It may sound cliched to talk about the revolution
It has become cliched to talk and write about the revolution in human interaction created by new media. But the fact remains that all sorts of new relationships and interactions have become possible in the past
Online communities flourish when people gather. But attracting people with shared interests is no guarantee that the group will become a community, just as holding a party at your house doesn't automatically turn it into a memorable occasion. Like the golden moment when a group of people becomes a team with an almost audible kerCHUNK, community happens when the participants personally care about one another, and demonstrate a commitment to the group.

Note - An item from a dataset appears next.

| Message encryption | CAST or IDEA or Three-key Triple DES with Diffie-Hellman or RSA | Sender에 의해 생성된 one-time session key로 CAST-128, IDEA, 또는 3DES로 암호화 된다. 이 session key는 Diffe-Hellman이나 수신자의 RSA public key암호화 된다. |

Alas, while you can find plenty of online conversation, there are few real communities on the Web. Even the busier Web-based discussion groups are like the waiting room at the utility company office--everyone taking a number and waiting to get his question answered, then leaving with no further thought to the other people in the room.
Creating a community online is an ability that comes to some people naturally, but it's a learnable skill. Unfortunately, nobody has taken the time to enumerate even the simplest of the rules. Here are a few words of advice about how to turn a roomful of virtual people into a community that works.

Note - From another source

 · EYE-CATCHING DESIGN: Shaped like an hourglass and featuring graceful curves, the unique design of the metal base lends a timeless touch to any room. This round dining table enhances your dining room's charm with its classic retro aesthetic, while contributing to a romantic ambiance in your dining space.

So What Is Community, Anyway?
It doesn't matter what you call it: forum, conference, bulletin board. The names have changed over the years, but the concept has never wavered: People get together to share experiences, to ask questions, or just to hang out with people who think that quilting is interesting, that Macintoshes are cool, or that it's possible to learn to write a screenplay.
If you listen to the current hype, Web portals are an example of online community. Bzzzt, wrong answer. Personalized home pages can be useful; they can link to your favorite places and collect information you've deemed nifty. But they're like painting your house. Sure, you can make the house look the way you like and plant your favorite flowers in front. But it's still just your house ... it's not a neighborhood.
An important key to any online community is the ease with which people can correspond with one another. That's why it's important to make it easy for anyone to find an interesting conversation and why the software must make it easy to dash off a response. User interfaces that slow down this process get in the way of communication; it's like making someone walk to a podium to use a microphone; only the fearless or the extremely opinionated will bother. That awkwardness is a good part of the problem with slow online interfaces and poor message-thread management, as touched upon in the Web-based discussion software review.
A successful forum is like the TV show "Cheers," where everybody knows your name. Whether they're in-person or online, communities happen when the participants begin to care about one another personally. You know that your discussion group has "made it" when participants arrange to have dinner together at COMDEX, or when several members get embroiled in an off-topic conversation about current events or which car to buy. (My husband and I once posted a message on the CompuServe Consultant's forum, saying, "Come up to our house for Labor Day weekend." Seventeen friends showed up, most of whom we'd never met before. Twelve years later, we're still friends with most of them.) Your discussion group becomes a community when people treat the forum as a place to meet their friends ... who happen to talk about quilting, computing or writing most of the time.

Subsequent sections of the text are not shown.